The debates surrounding the recent amendments indicate that the idea of rehabilitation has been significantly marginalised, although several states, primarily Punjab are in critical need of state-led intervention through social reform initiatives. It was only in 2014, after drug abuse in Punjab gained nation wide notoriety, that the state government set up 28 rehabilitation centres under the Central scheme provided by the Ministry of Social Justice.

Further, the debates tend to centralise both the drug problem and the suggested solutions. Most of the discussions have revolved around the facilities available and institutions set up in Delhi. Even in 1985, it was no uncertain fact that there were several porous border regions, which were problematic transit routes. They required constant monitoring, but this was unfortunately neglected at the policy level.


On the aspect of rehabilitation, the apathy and redundancy of the NDPS Act has been writ large.

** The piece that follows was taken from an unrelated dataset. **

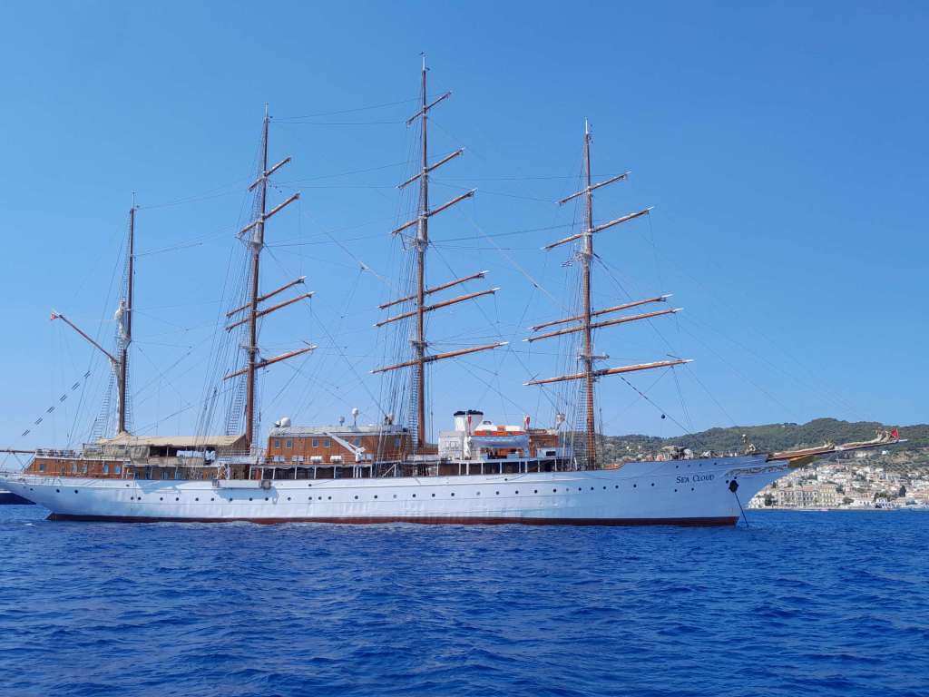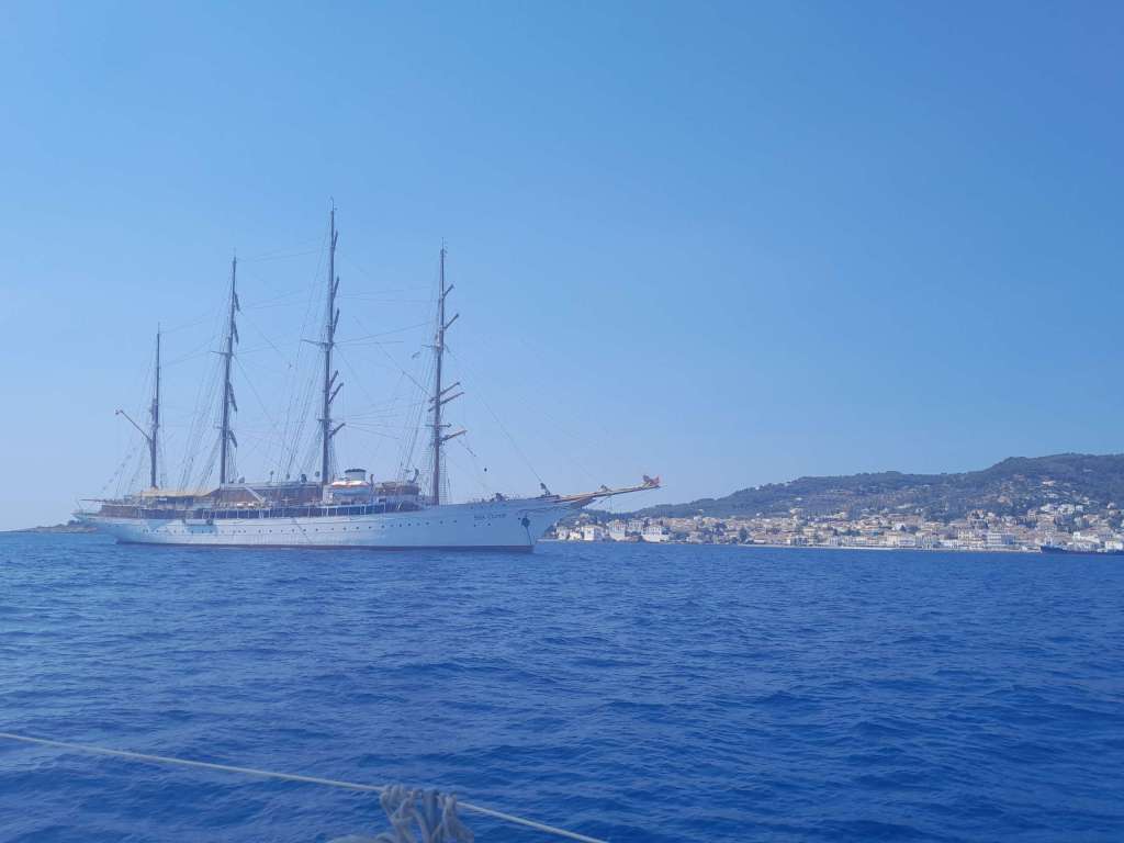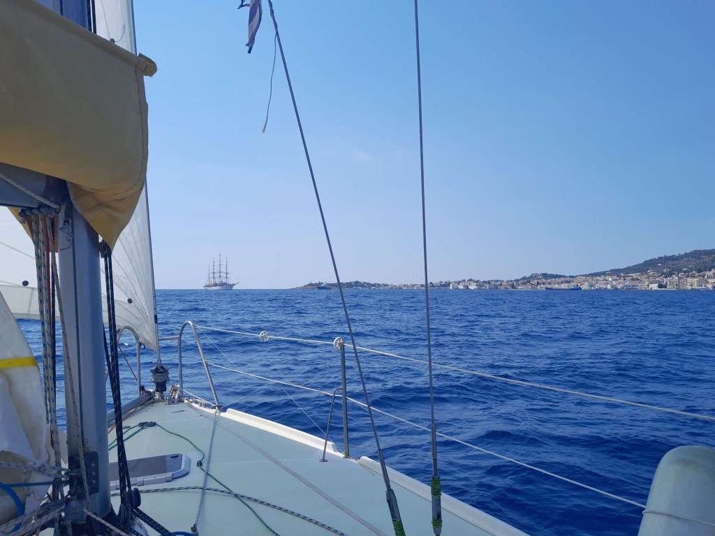 J’arrive rapidement au niveau de l’île de Spetses et croise, au mouillage, un magnifique quatre mâts. Je mets maintenant cap au nord et empanne par babord. En prenant le vent grand largue, celui-ci perd en puissance et ma vitesse de croisière en prend un coup. Mais je reste fidèle à mes engagements nautiques, je ne mets pas le moteur, même si on se traîne un peu.

The inadequacy of accompanying institutional mechanisms – in terms of training of the judiciary, essential rehabilitation systems, etc – has rendered the reformatory objective of the statute nugatory. This, coupled with the problematic implementation of the legislation by multiple authorities and the absence of government established rehab programmes, has hindered effective implementation of the statute. The Act has not only been excessive and abusive, but has also cast a huge burden on the criminal justice system because of its structural defects. If the government is serious about reforming the criminal justice system, reform of the NDPS Act is a necessary first step.

Neha Singhal is a Senior Resident Fellow and Sakshi is a Research Fellow at the Vidhi Centre for Legal Policy, New Delhi.